My goals were to visit and photograph Van Horn, Texas. Check
Photograph the Marfa mystery lights. Check
Visit and photograph the ghost town of Shafter. Check
Visit and photograph Alpine, Texas. Check
Visit and photograph Ft Davis. Check
Visit and photograph the McDonald Observatory . Check
I  hit 100% of my goals for this trip.
Prior planning got me the maximum photography with good light.

I looked up all the places I wanted to visit on an old road atlas. I then looked up each town on Google and FlickR. That gave me most of the information I needed but I also used RoadsideAmerica.Com and a trip guide from Trails.Com.
My first stop was Sierra Blanca a railroad town that once was.
Next came Allamoore where I discovered a talc factory.
Next was Van Horn, where I discovered a cool place of “fancy junk and unusual objects”
From there it was on to Valentine on US 90. Valentine is another town that once was.
Next came Marfa with the oddball Prada display just outside Marfa.

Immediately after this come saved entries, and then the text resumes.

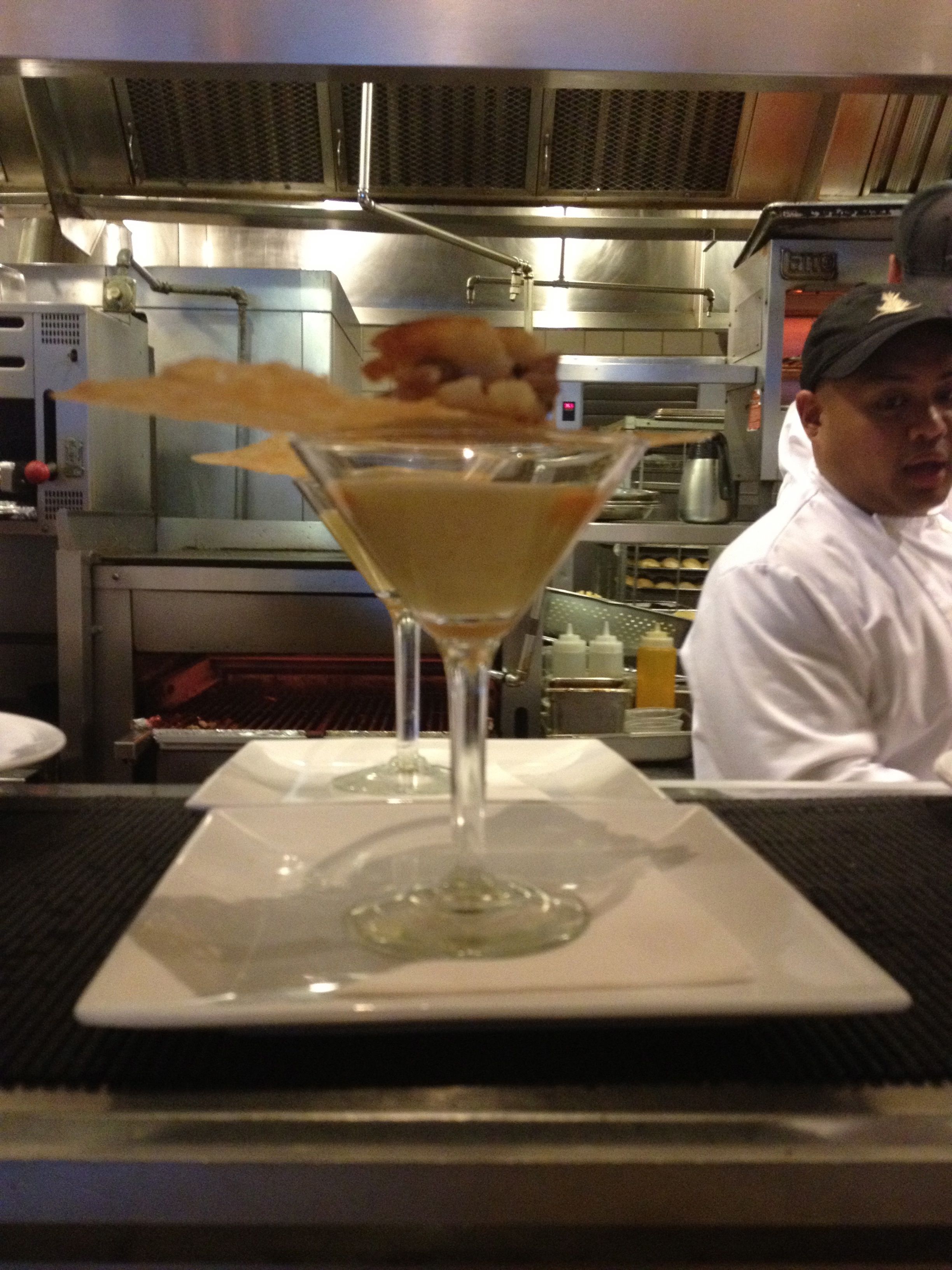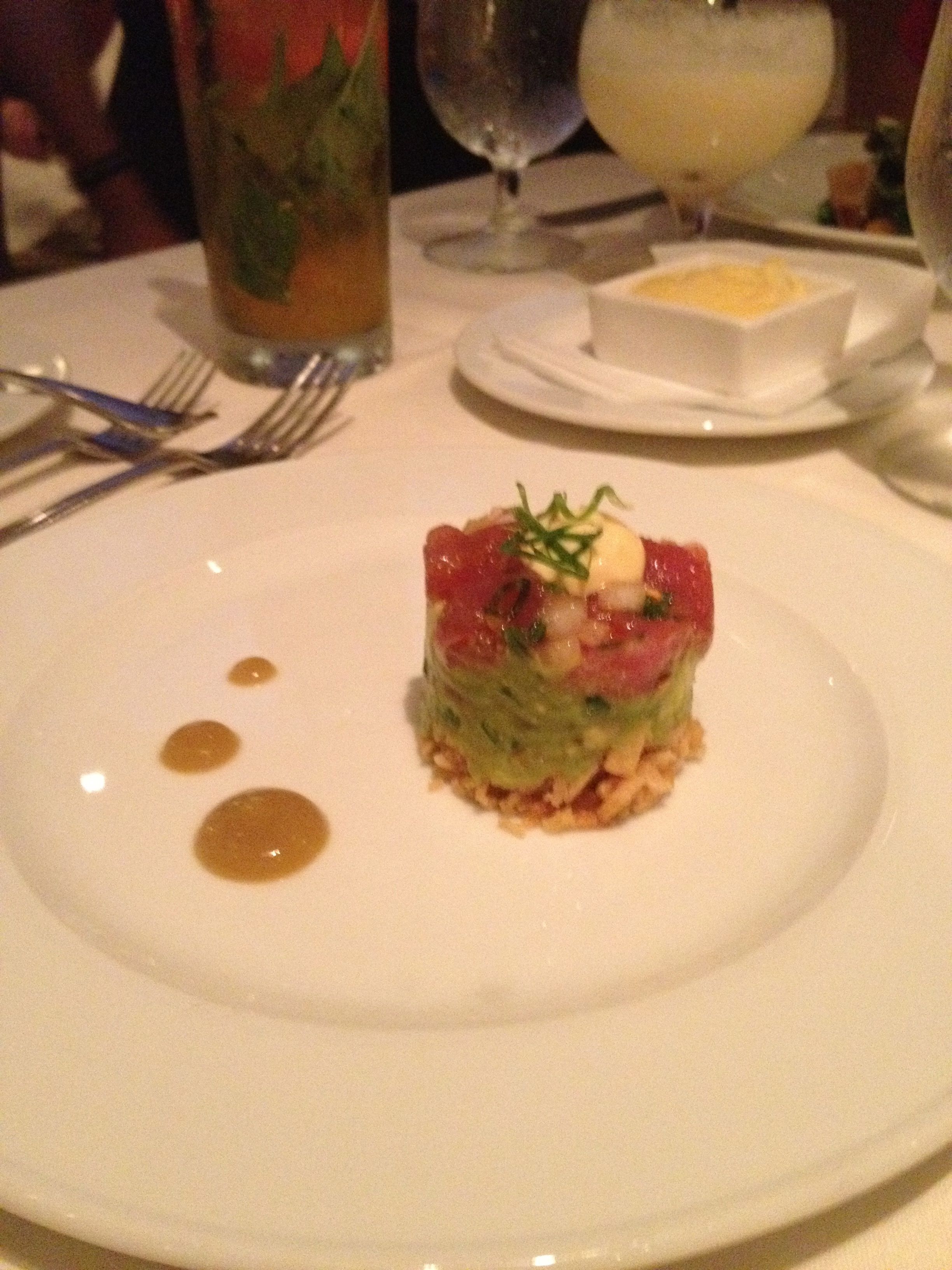 For the classic tasting menu, we started off with a “soup and sandwich” consisting of a chilled tomato soup with a grilled cheese-and-kalua-pig sandwich. It was amazing! This was followed by an ahi sashimi and avocado salsa stack, which is also an appetizer on the main menu. Yummy!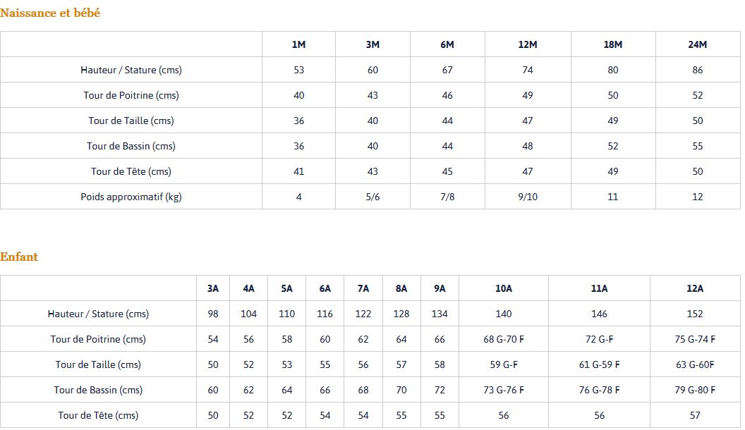 guide des tailles isaco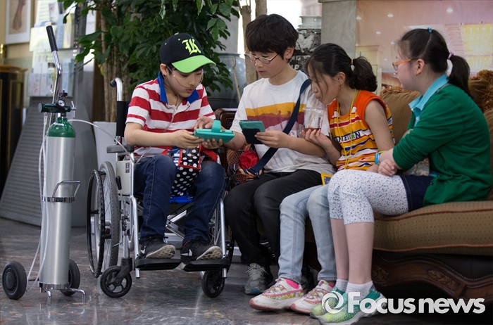 (대전=포커스뉴스) 아타 사프달 옥시레킷벤키저 대표와 임원진이 20일 오후 대전 유성구 아드리아호텔에서 옥시의 가습기 살균제 제품 피해자와 면담을 마련한 가운데 피해 어린이들이 핸드폰 게임을 하고 있다.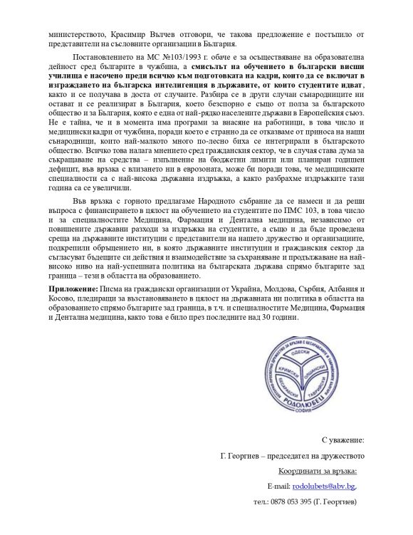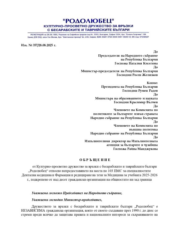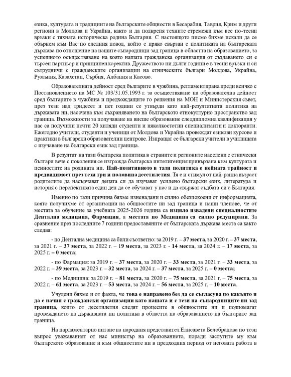 С тревога Ви информираме, че за учебната 2025–2026 година бяха изцяло премахнати местата по специалностите „Дентална медицина“ и „Фармация“, а тези по „Медицина“ бяха драстично редуцирани – от над 50 през предходни години на едва 10 сега. Това решение е взето без консултация с организациите на българите зад граница и противоречи на духа и целите на ПМС 103, което от над 30 години е основа на успешната българска политика за подкрепа на българските общности в чужбина чрез образование.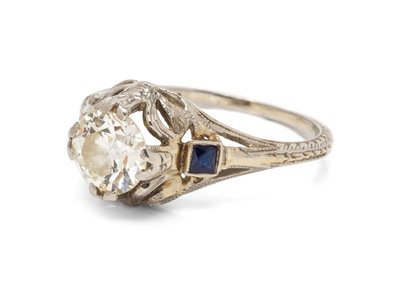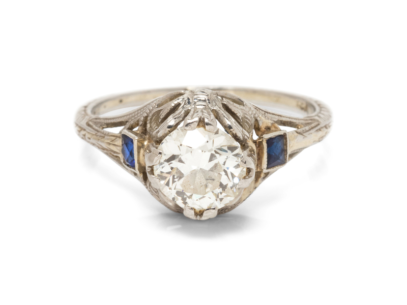 containing one old European cut diamond weighing approximately 0.90 carat and two square French cut synthetic sapphires, with openwork and engraved detail.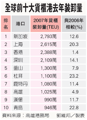 ·據(jù)稱高雄港在全球集裝箱港的排名今年將退到第7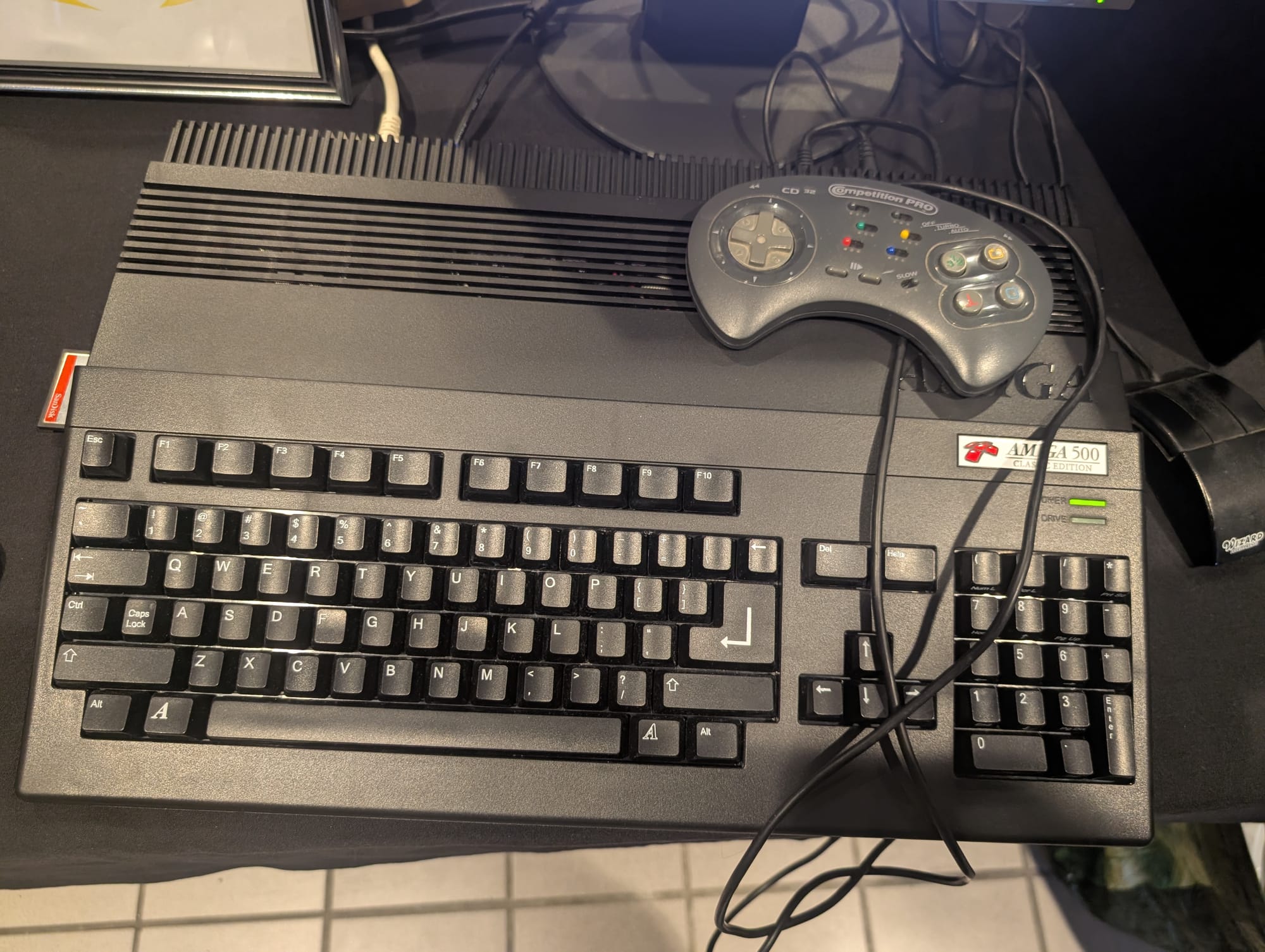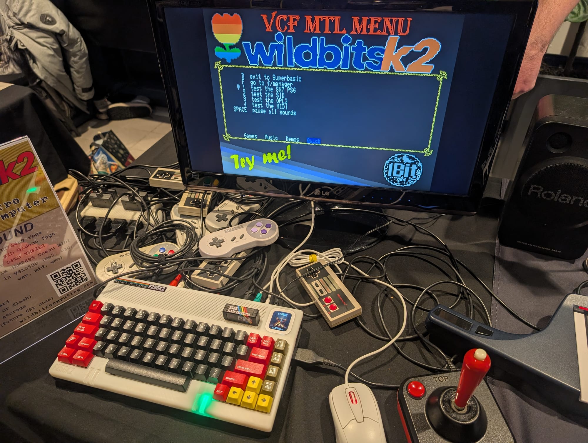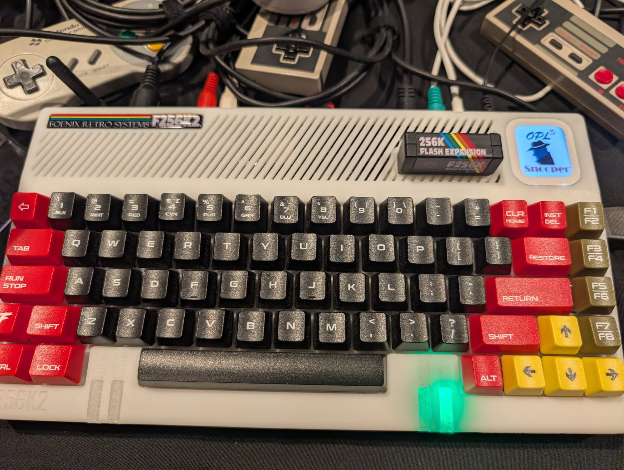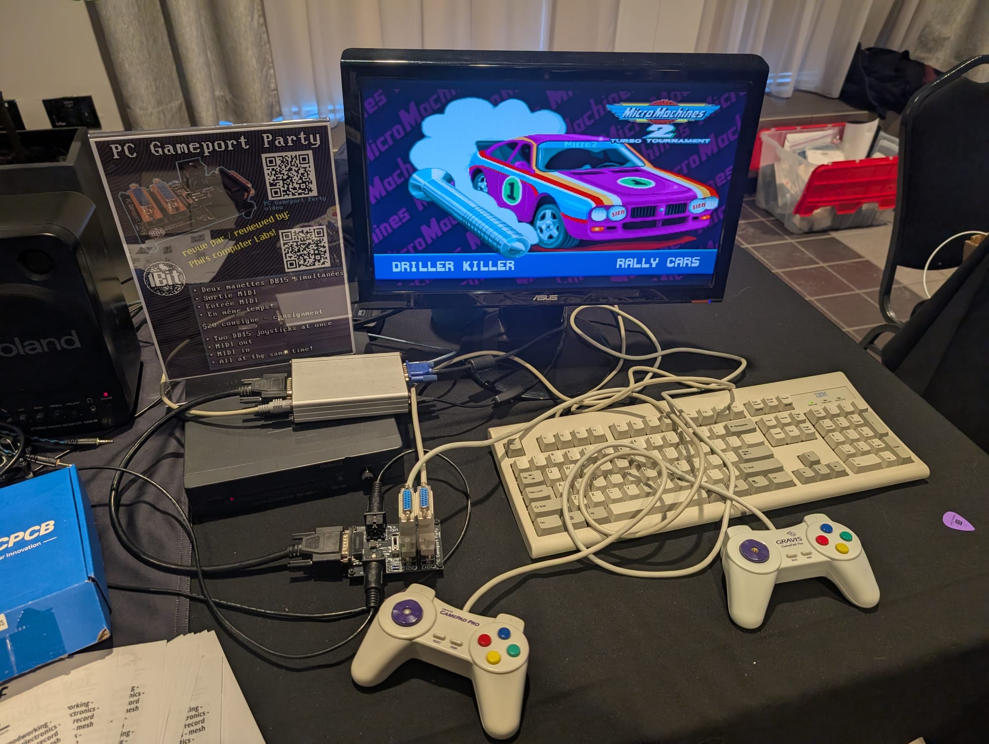 1Bit Fever Dreams is a Canadian retro maker and YouTuber who partakes in a bunch of cool projects. In the second photo is the PC Gameport Party, a simple but great product that takes the normally single game port found on DOS-era PCs and splits it into two, while also providing MIDI passthrough. He was selling a handful of pre-made units for only $20 and I scored one! He was also showing off his Foenix/Wildbits k2 "New Retro Computer", a small batch system developed largely by a single Canadian named Stefany Allaire who I see as basically if you fused the knowledge John Carmack and Jeri Ellsworth into a single nexus of genius. It's not a mainstream product and is designed as a project system but it's stunning what people have done with such a tiny niche device. Foenix Labs is developing a new system now and as much as I'd love one, I wouldn't even know where to begin with it. And yeah, that is absolutely one of the rare Guitar Hero keytar controllers being used as a MIDI keyboard.

From there I moved on to the viewing stand for the “marvelous and mysterious Marfa lights.”
I took a side trip to the ghost town of Shafter, which you need not take.
Alpine came next. I spent the night here because I had to make sure I could photograph the Marfa lights. This required night time photography of course, so I spent the night in Alpine.
The next day I was up bright and early, way before sunrise and was off to Ft Davis.
My last stop was the McDonald observatory.
Starting tomorrow I will give a detailed report with pictures of each place I mentioned here.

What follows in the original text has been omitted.